The recipe also calls for sour cream, which I rarely have on hand unless nachos are on the menu. I did have vanilla yogurt and I thought, "Why not substitute it? The yogurt is sour, like the sour cream, and the acid would probably work with the baking powder in the mix as a leavening agent. Besides which, the pancake mix was a buttermilk mix, so there ought to be some acidity already in the bag.

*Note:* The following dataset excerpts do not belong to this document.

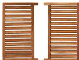
x2 côté droit & gauche
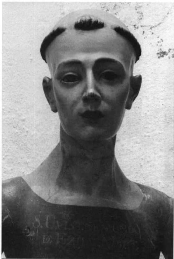
Figura 3. San Wistremundo de Écija
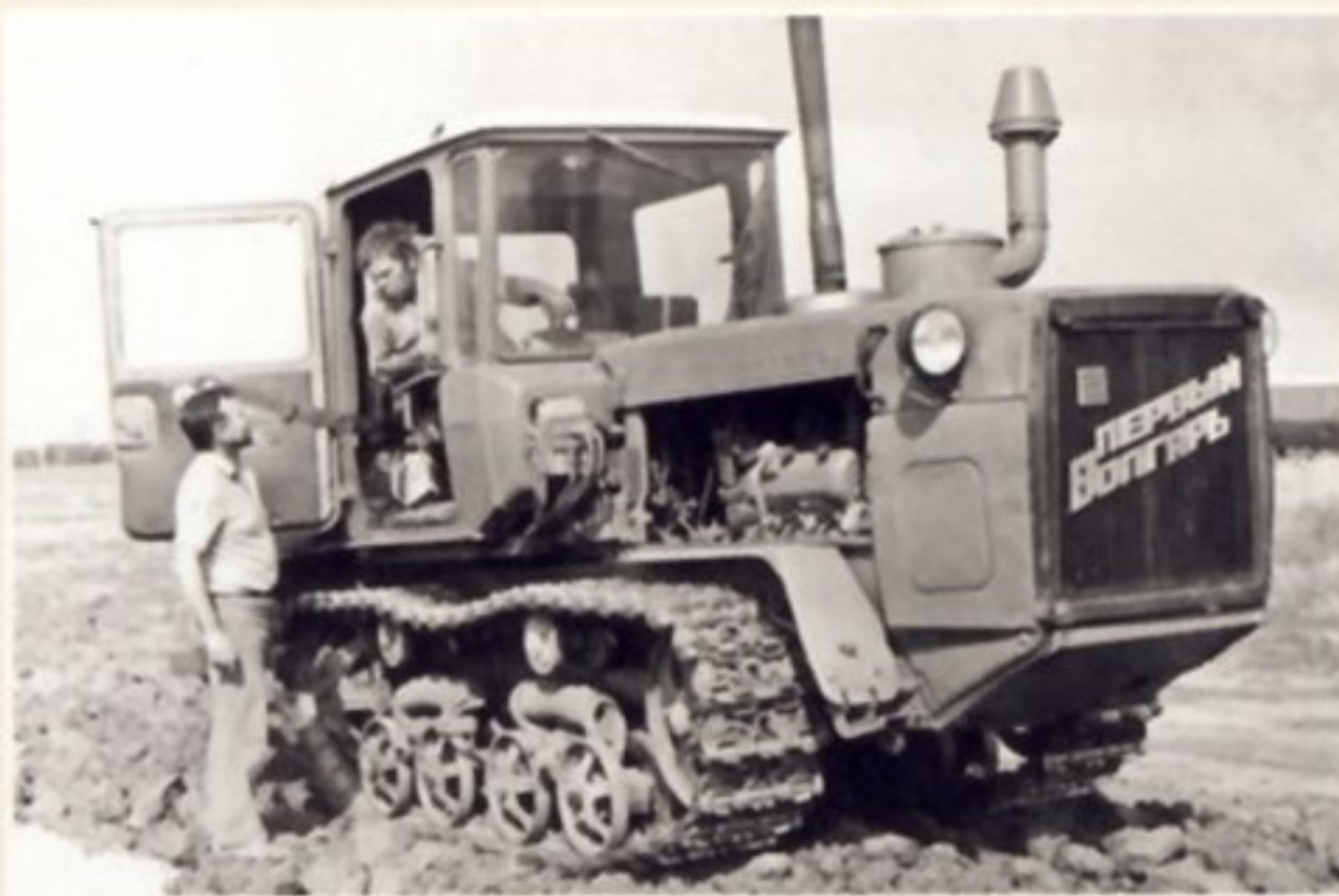
Кабина ДТ-175С обеспечивает трактористу довольно комфортные условия работы.
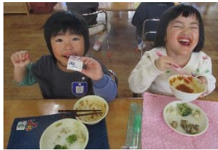
きゅうしょく 給食おいしいな!
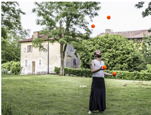
Séquence de jonglage
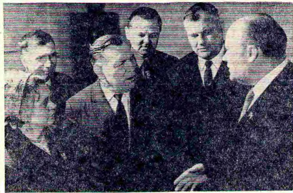
КРАСНОДАРСКИЙ КРАЙ. Колхоз «Кавказ» Курганинского района и ставропольский колхоз «Россия» Новоалександровского района — давние друзья.

Не буду доказывать прописные истины. У себя дома каждый имеет телевизор, радиоприемник, выписывает газеты и журналы. Без этого сейчас не обойтись. Иное дело полевой стан... И мы стремимся к тому, чтобы в те короткие минуты отды-
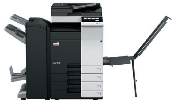
ineo + 258 s duálnym podávačom dokumentov (DF-704), brožúrovacím finišerom (FS-534SD), podávačom na baner (BT-C1e) a systémovým stolíkom (PC-210)
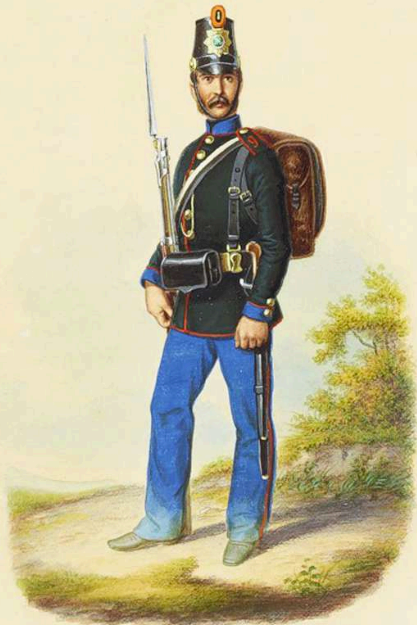
Soldado, 3ª brigada 9º Batallón

I opted to use brown sugar instead of white (I was out of the regular granulated sugar), substituted chopped nuts instead of flour in the streusel topping, and presto! 25 minutes later, I had a lovely, cinnamony coffee cake which both girls devoured, warm. It was the perfect accompaniment to my coffee this morning.







Cinnamon Coffee Cake

Ingredients:
  • 1 1/2 cups pancake mix
  • 1/2 cup sugar -I used brown sugar because I was out of the white
  • 1 egg
  • 3/4 cup vanilla yogurt (or sour cream)
  • 1/2 teaspoon vanilla extract

For the streusel:
  • 1/2 cup packed light brown sugar
  • 1/2 cup chopped walnuts
  • 3 tablespoons butter, melted
  • 1 1/2 teaspoons cinnamon

Directions:

  1. Preheat the oven to 350. Spray an 8-inch square baking dish with cooking spray, or grease it with shortening or butter.
  2. In a large mixing bowl, sift together the flour and sugar.
  3. Add the yogurt, egg and vanilla extract and mix well. Spread batter into a greased 8-inch square pan.
  4. Mix together the chopped nuts, brown sugar, and cinnamon in a medium-sized bowl. add the melted butter and mix well until crumbly.
  5. Sprinkle topping evenly over the top of the cake batter.
  6. Bake for 25 minutes or until a tester inserted into the center of the cake comes out clean.
  7. Let cool for 10 minutes before serving.
Notes:
  • This was tasty and fragrant, but it did not have the fine, moist, delicate crumb of some other coffee cake recipes I've tried.
  • I don't know if the brown sugar in the cake was at fault or if I should have used more yogurt or added some butter.
  • Instead of 3/4 cup, I might try 1 cup of yogurt next time.
  • Perhaps reducing the cooking time to 20 minutes would be advised.
  • All in all, still a satisfying treat. Not bad for baking on the fly.



Mmmmm.... Don't you just want to dig in?